Give back exactly the line containing "អ្នកស្រី ទេព វន្នី" and all that follow it in the data below, with the pictures left out.

++++

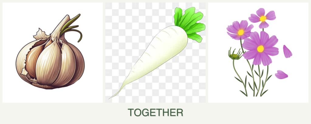 Planting garlic, radishes, and cosmos together offers several advantages:
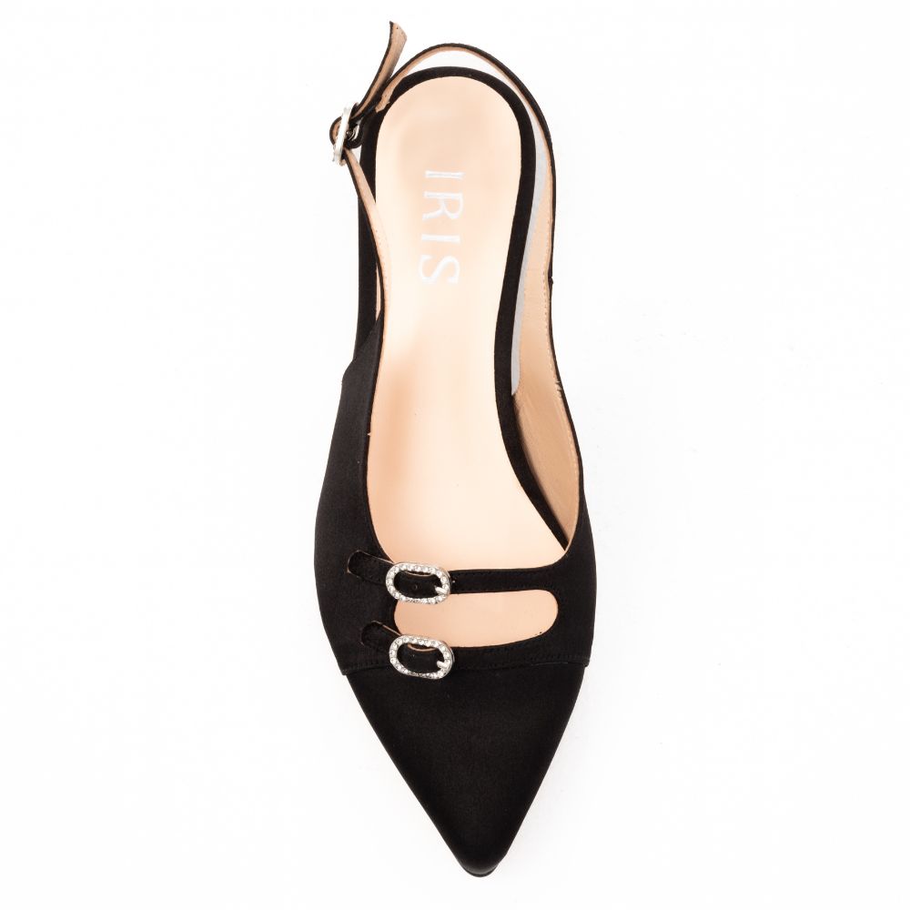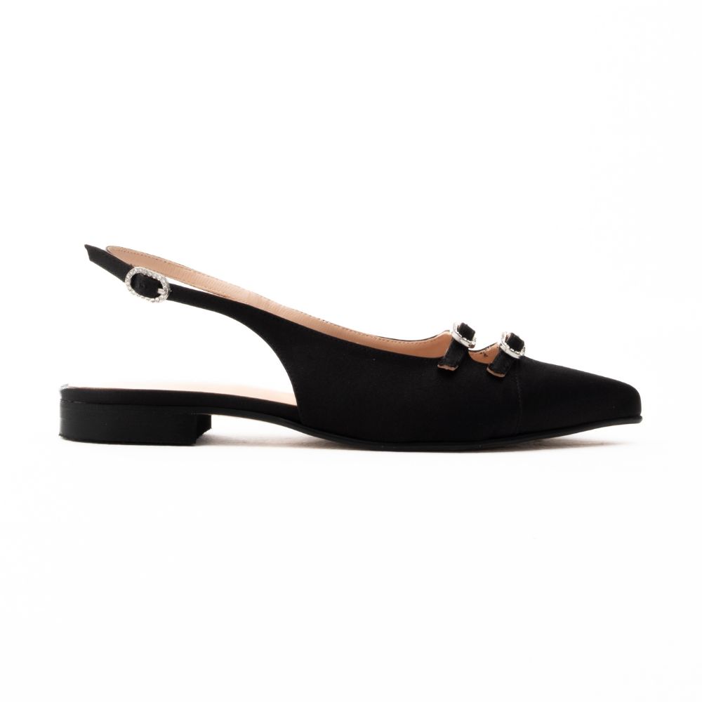 γόβες μαύρο σατέν sling bang φλατ, μυτερές
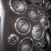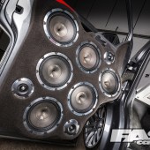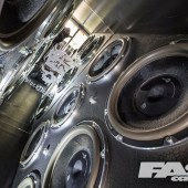 3x BlackDeath Pro 4 Tweeters per door; side housing 2x BlackDeath Stereo 2 Amplifiers, 1x BlackAir Stereo 4; rear build, 6x BlackDeath Bass 2 Reaper amplifiers, 12x BlackDeath Carbon SPL 15-inch Bubonic subs in custom bandpass enclosure; 2x BlackDeath Pro 8 Midwoofers; 2x BlackDeath Pro 4 Tweeters; 28x kinetic batteries.
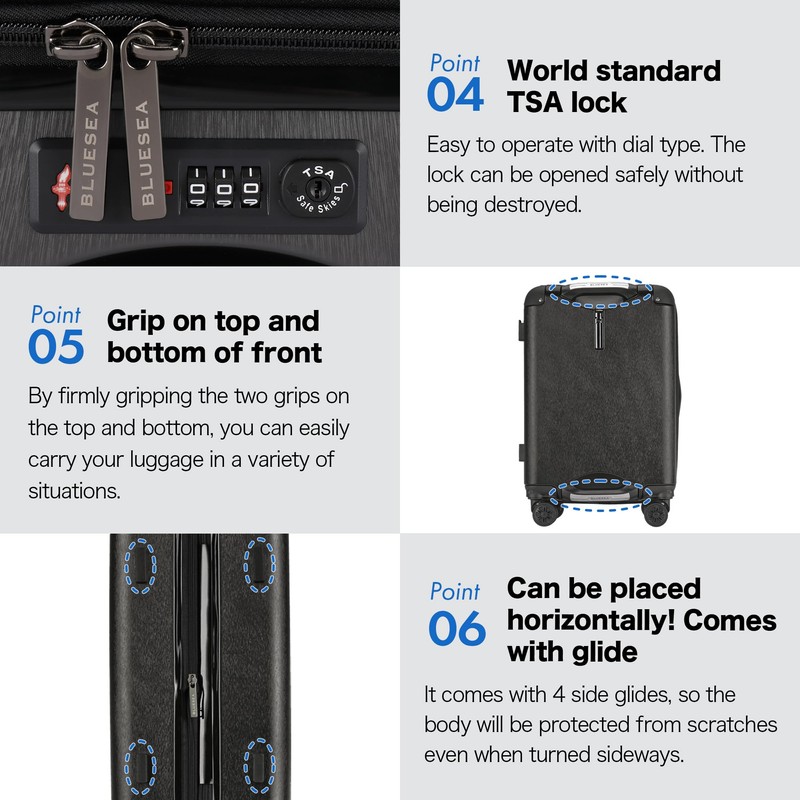 - Silent double casters that rotate 360°. It boasts extremely high mobility. You can also change direction smoothly in narrow spaces. It adopts world standard TSA lock. You can leave your luggage locked, and it will pass through customs smoothly.*The key is not included with this product as it is for airline inspection only.
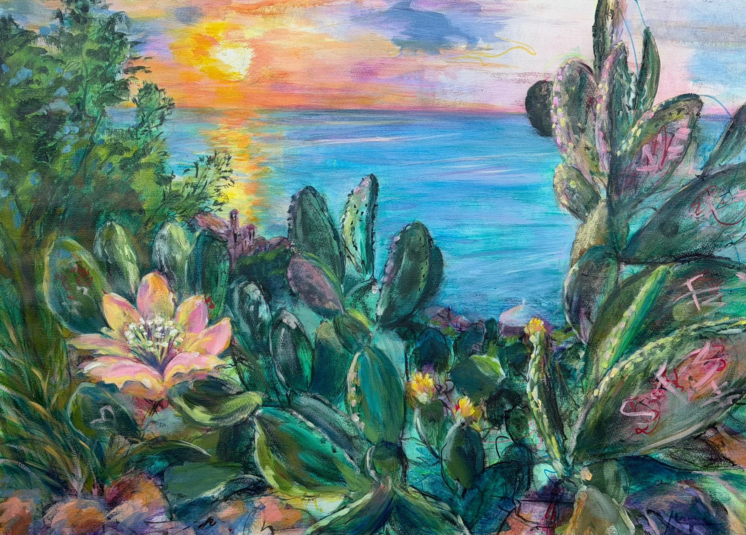 A desert garden meets the sea, where cactus shadows bloom in sunset light
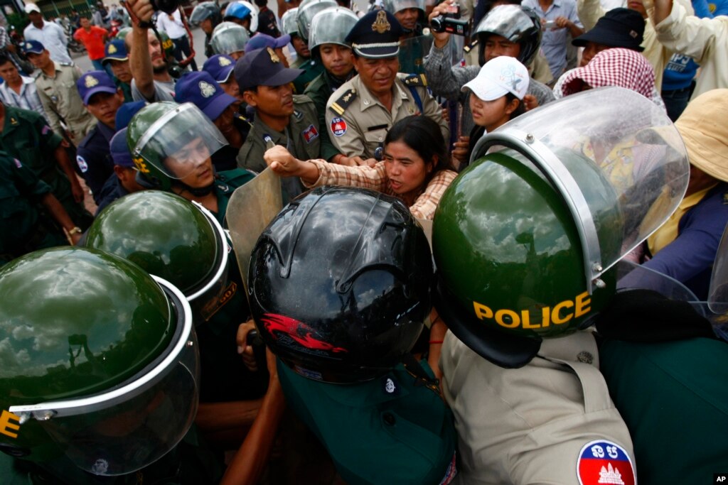 អ្នកស្រី ទេព វន្នី សកម្មជនការពារសិទ្ធិលំនៅដ្ឋាននៅចំកណ្តាលក្រុមត្រូវប៉ូលិសដែលព្យាយាមនាំអ្នកស្រីចេញពីកន្លែងតវ៉ា។
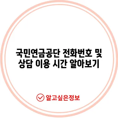 💡 국민연금공단의 전화 상담 방법과 운영 시간을 쉽게 찾아보세요. 💡
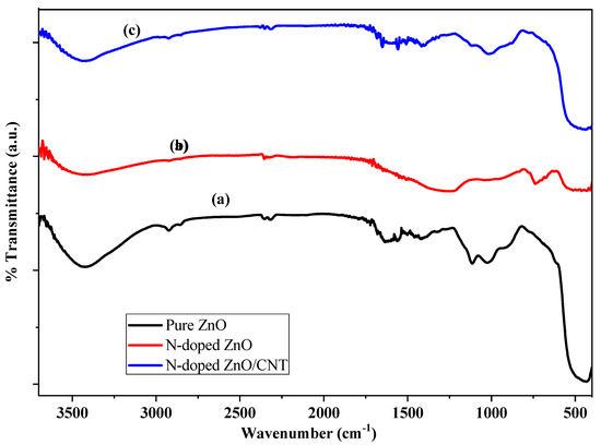FT-IR spectra of (a) pure ZnO; (b) N-doped ZnO; and (c) N-doped ZnO/CNT nanocomposite thin films.
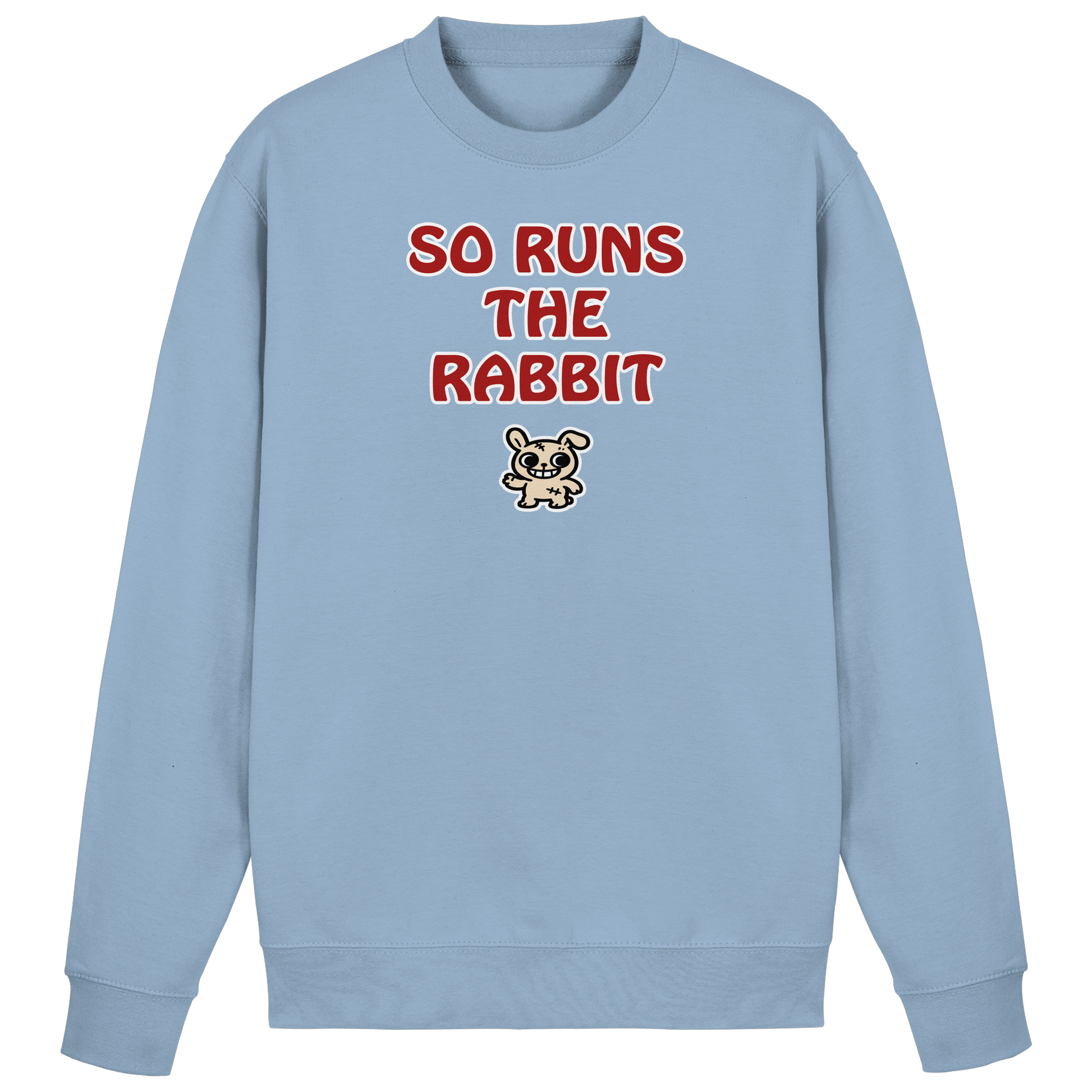 Mit diesem Motiv bringst du deine ganz eigene Art von Chaos auf den Punkt: „So runs the rabbit“ – die herrlich verdrehte Übersetzung von „So läuft der Hase“. Darunter hoppelt ein Zombiehase, der aussieht, als wäre er gerade direkt aus einem apokalyptischen Kaninchenbau entkommen. Dieses Design ist purer schwarzer Humor: Auf den ersten Blick niedlich, auf den zweiten absolut verstörend – genau wie das Leben selbst. Der Zombiehase verkörpert den Moment, in dem du lächelnd durchs Leben rennst, obwohl eigentlich alles längst den Bach runtergeht. Und trotzdem: Du rennst weiter. Ob Festivalnacht, stressiger Alltag oder totaler Ausnahmezustand – mit diesem Motiv machst du klar: So läuft’s eben. Nicht schön, nicht sauber, aber definitiv mit Stil.

++++

» Task solution:
 អ្នកស្រី ទេព វន្នី សកម្មជនការពារសិទ្ធិលំនៅដ្ឋាននៅចំកណ្តាលក្រុមត្រូវប៉ូលិសដែលព្យាយាមនាំអ្នកស្រីចេញពីកន្លែងតវ៉ា។
 💡 국민연금공단의 전화 상담 방법과 운영 시간을 쉽게 찾아보세요. 💡
FT-IR spectra of (a) pure ZnO; (b) N-doped ZnO; and (c) N-doped ZnO/CNT nanocomposite thin films.
 Mit diesem Motiv bringst du deine ganz eigene Art von Chaos auf den Punkt: „So runs the rabbit“ – die herrlich verdrehte Übersetzung von „So läuft der Hase“. Darunter hoppelt ein Zombiehase, der aussieht, als wäre er gerade direkt aus einem apokalyptischen Kaninchenbau entkommen. Dieses Design ist purer schwarzer Humor: Auf den ersten Blick niedlich, auf den zweiten absolut verstörend – genau wie das Leben selbst. Der Zombiehase verkörpert den Moment, in dem du lächelnd durchs Leben rennst, obwohl eigentlich alles längst den Bach runtergeht. Und trotzdem: Du rennst weiter. Ob Festivalnacht, stressiger Alltag oder totaler Ausnahmezustand – mit diesem Motiv machst du klar: So läuft’s eben. Nicht schön, nicht sauber, aber definitiv mit Stil.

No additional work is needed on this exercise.